A Arena (Aliança Renovadora Nacional) entrou com
pedido no TSE (Tribunal Superior Eleitoral), na última sexta-feira (30), para
concorrer às eleições de 2014. A Arena quer o registro provisório e as
autorizações dos registros de suas direções estaduais sem entregar as
assinaturas de apoio de eleitores à criação de partido, exigido por lei, para
obter seu registro definitivo.
Eles querem que o TSE atenda o pedido para que o
partido, em fase de formação, possa disputar as eleições do ano que vem. O
número solicitado para a legenda é o 69.
A sigla solicita que não seja “disponibilizado
nenhum direito de arena, cota de Fundo Partidário ou similares, e também sejam
proibidas as coligações em quaisquer níveis com a Aliança, eis que é de nossa
responsabilidade comprovar unitariamente o caráter nacional, com votos diretos
à Aliança e seus candidatos”.
Além disso, consta no pedido ao TSE que “somente
seja autorizada a posse dos candidatos eleitos, se houver, pela Aliança, após a
comprovação do caráter nacional da mesma” e que “restando registrados votos em
valor igual ou superior ao mínimo necessário, seja automaticamente reconhecido
que o registro da Aliança é de caráter nacional e definitivo”.
Por fim, o partido solicita que os cartórios
eleitorais ou TREs (tribunais regionais eleitorais) “emitam as certidões
consolidadas constando o número de votos obtidos, a fim de serem apresentadas”
ao TSE.
Os integrantes da Arena reuniram-se em 1º de junho
de 2012 por meio de um programa de computador para aprovar seu programa
político porque, segundo eles, não havia recursos financeiros e nem geográficos
para um encontro nacional físico, já que seriam mais de 140 pessoas vindas de
15 Estados.
O estatuto e o programa partidário foram publicados
no Diário Oficial da União de 14 de novembro de 2012 e obtiveram o registro
civil no Cartório do 1º Ofício de Registro Civil, de Brasília. A Arena afirma
que constituiu órgãos estaduais de direção no Rio Grande do Sul, Paraná, São
Paulo, Rio de Janeiro, Minas Gerais, Distrito Federal, Sergipe, Pernambuco,
Maranhão, Mato Grosso do Sul e Tocantins. Esclarece, no entanto, que não
registrou tais órgãos nos tribunais regionais eleitorais (TREs).

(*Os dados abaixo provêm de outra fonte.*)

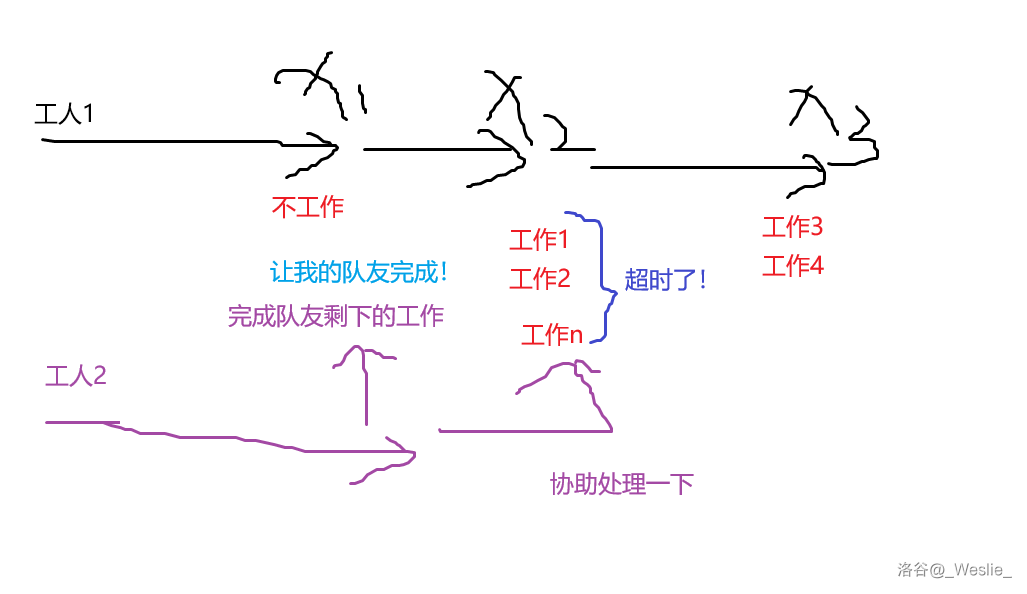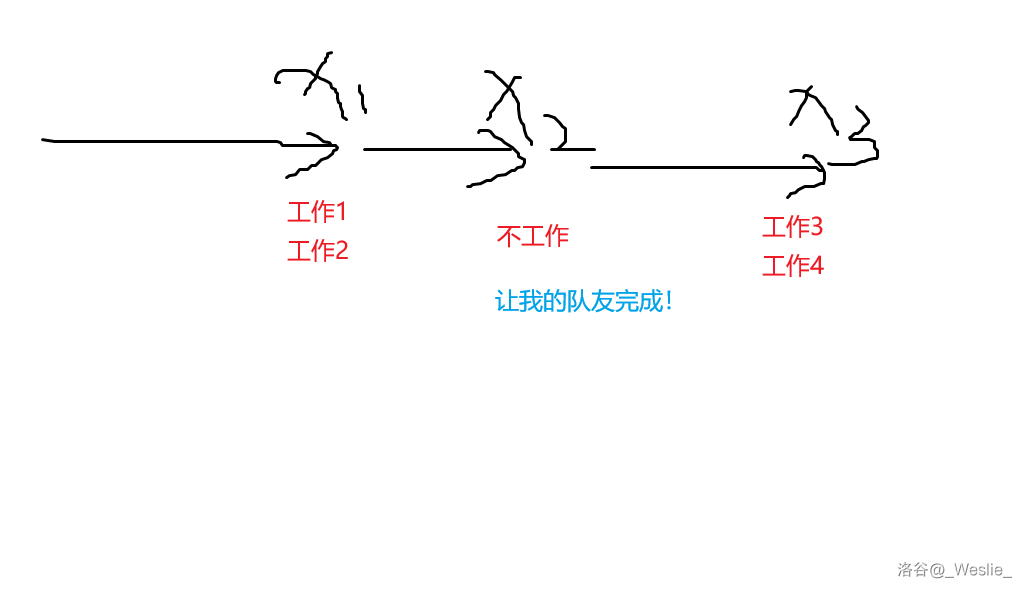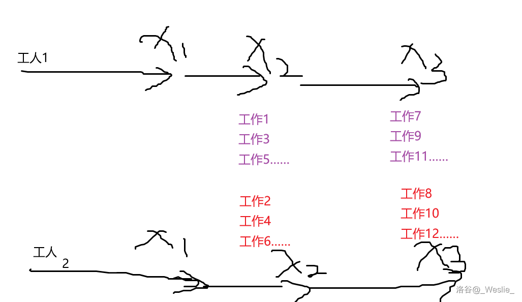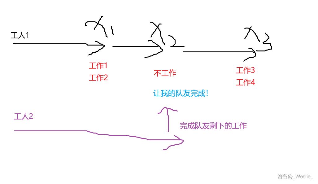 (两个人同时开始工作,同时在一个点工作,同时完成工作)

Ao solicitar o registro de seu estatuto no TSE, a
sigla afirma ser inconstitucional dispositivo (parágrafo primeiro do artigo 9º)
da Lei dos Partidos Políticos (Lei nº 9.096/1995). Esse parágrafo afirma que a
prova de apoiamento mínimo de eleitores, pelo partido em formação, deve ser feita
por meio de assinaturas, com menção aos títulos eleitorais, devendo as
assinaturas e os números dos títulos serem atestados pelo cartório eleitoral.
Segundo a Arena, o caráter nacional de uma sigla,
que é exigido pelo inciso I do artigo 17 da Constituição Federal, deve ser
demonstrado “pela apresentação de apoio eleitoral, na forma de votos dados, e
observa-se que isso é diferente de captação de assinaturas”.
De acordo com a legenda, quando se exige, como na
Lei dos Partidos Políticos, o apoiamento dos eleitores por meio de assinaturas,
em listas a serem publicadas em mural no cartório eleitoral, “está-se violando
o sufrágio igualitário, a partir do momento que não é mecanismo adequado para
demonstração de representatividade”.
O partido quer comprovar o apoiamento nacional de
eleitores com 0,5% dos votos dados na última eleição geral para a Câmara dos
Deputados, distribuídos por pelo menos nove Estados, com um mínimo de um décimo
por cento do eleitorado que votou em cada um deles (dispositivo do artigo 7º da
Lei dos Partidos Políticos), após participar das eleições.